I'm currently developing a JSON API for a blog in golang, and I've run into a roadblock trying to handle the serialization and deserialization of blog posts. I want my posts to contain an array of Post Sections that could be a number of things (such as normal paragraphs, images, quotes, etc.). I'm using Mongo for storage (with the amazing mgo library) and I want to save the posts like this:
{
"title": "Blog post",
"sections": [
{
"type": "text",
"content": { "en": "English content", "de": "Deutscher Inhalt" }
},
{
"type": "image",
"content": "https://dummyimage.com/100x100"
},
...more sections
],
...other fields
}
I've tried several solutions to implement this in go and none have really seemed like the "right way" to do it:
- Not caring about the content
This seemed like the obvious solution, just using a simple struct:
type PostSection struct{
Type string
Content interface{}
}
This way, I can pass through whatever the frontend POSTS and save it. However, manipulating the data or validating it becomes impossible, so it's not a good solution.
- Using custom interface serialization
I found this article about serializing interfaces in golang. This seemed great at first, because I could have an interface like this:
type PostSection interface{
Type() string
Content() interface{}
}
and then implement every type like this:
type PostImage string
func (p *PostImage) Type() string {
return "image"
}
func (p *PostImage) Content() interface{} {
return p
}
Optimally, that would've been it, and after implementing MarshalJSON
and UnmarshalJSON
for all my types, it was working fine when using json.Marshal directly on a PostSection object.
However, when serializing or deserializing an entire Post object containing an array of PostSection
s, my custom code was just being ignored and the PostSections would just be treated as the underlying objects (string
or map[string]string
in the examples) when serializing, or result in empty objects when deserializing.
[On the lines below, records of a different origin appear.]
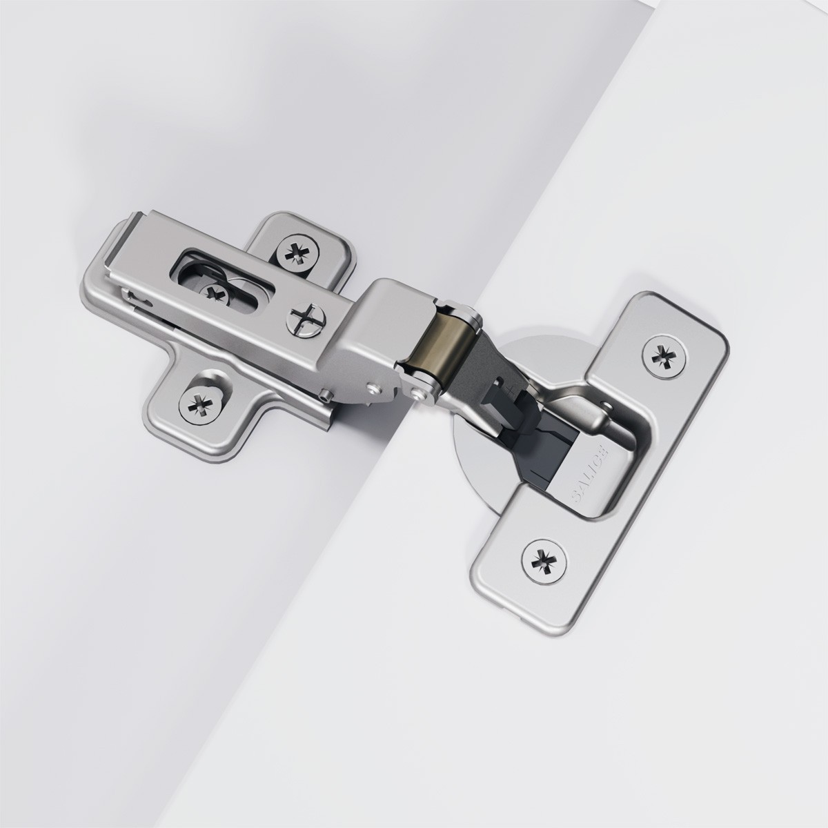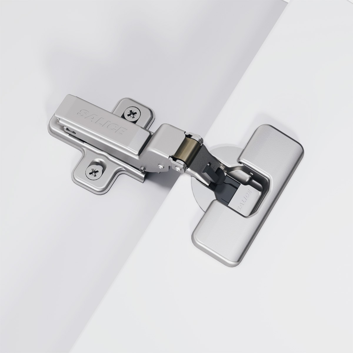 Designed for applications where doors are mounted at a 45° positive angle. featuring twin silicone oil dampers integrated within the cup for smooth and controlled closing. The deceleration can be easily adjusted via a simple switch.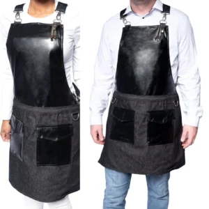 What makes the denim aprons reversible?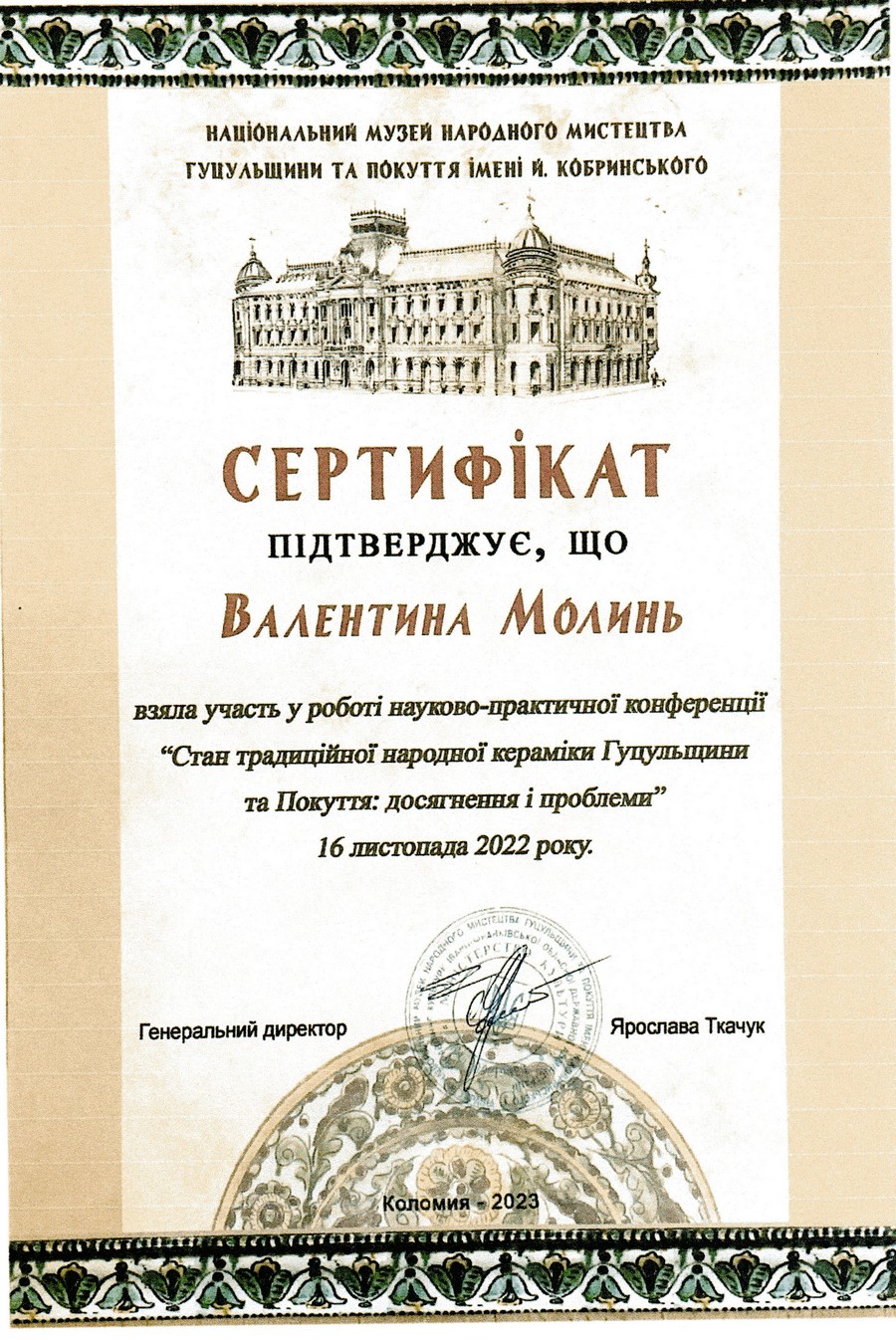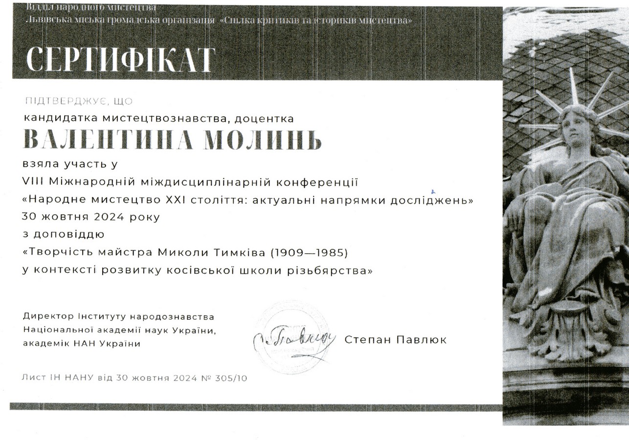 Молинь В. Володимир Шухевич у дослідженні народного мистецтва Гуцульщини. Perspectives et mise en oeuvre de linnovation dans le domaine scientifique: сollection de papiers scientifioues «ЛОГОС» aves des materiaux de la conference scientifioue et pratique international (Vol. 2), 20 septembre 2019. Geneve, Suisse: Platforme scientifioue europeenne. Р. 110-114.

- Writing custom serialization for the entire Post struct
So, the solution I'm currently using but would like to change is custom serialization for the entire Post object. This leads to super ugly code, as I only really need custom code for a single field and so I'm passing through the rest, making the deserialization look similar to this:
p.ID = decoded.ID
p.Author = decoded.Author
p.Title = decoded.Title
p.Intro = decoded.Intro
p.Slug = decoded.Slug
p.TitleImage = decoded.TitleImage
p.Images = decoded.Images
...more fields...
and then, decoding the sections like this:
sections := make([]PostSection, len(decoded.Sections))
for i, s := range decoded.Sections {
if s["type"] == "text" {
content := s["content"].(map[string]interface{})
langs := make(PostText, len(content))
for lang, langContent := range content {
langString := langContent.(string)
langs[lang] = langString
}
sections[i] = &langs
} else if s["type"] == "image" {
content := s["content"].(string)
contentString := PostImage(content)
sections[i] = &contentString
}
}
p.Sections = sections
This is a whole lot of code I'll have to use every time I wanna include PostSections in another form somewhere else (for example in a Newsletter) and it doesn't feel like idiomatic go code by a long shot. Also, there is no error handling for malformed sections - They just cause a panic like this.
Is there a clean solution to this problem?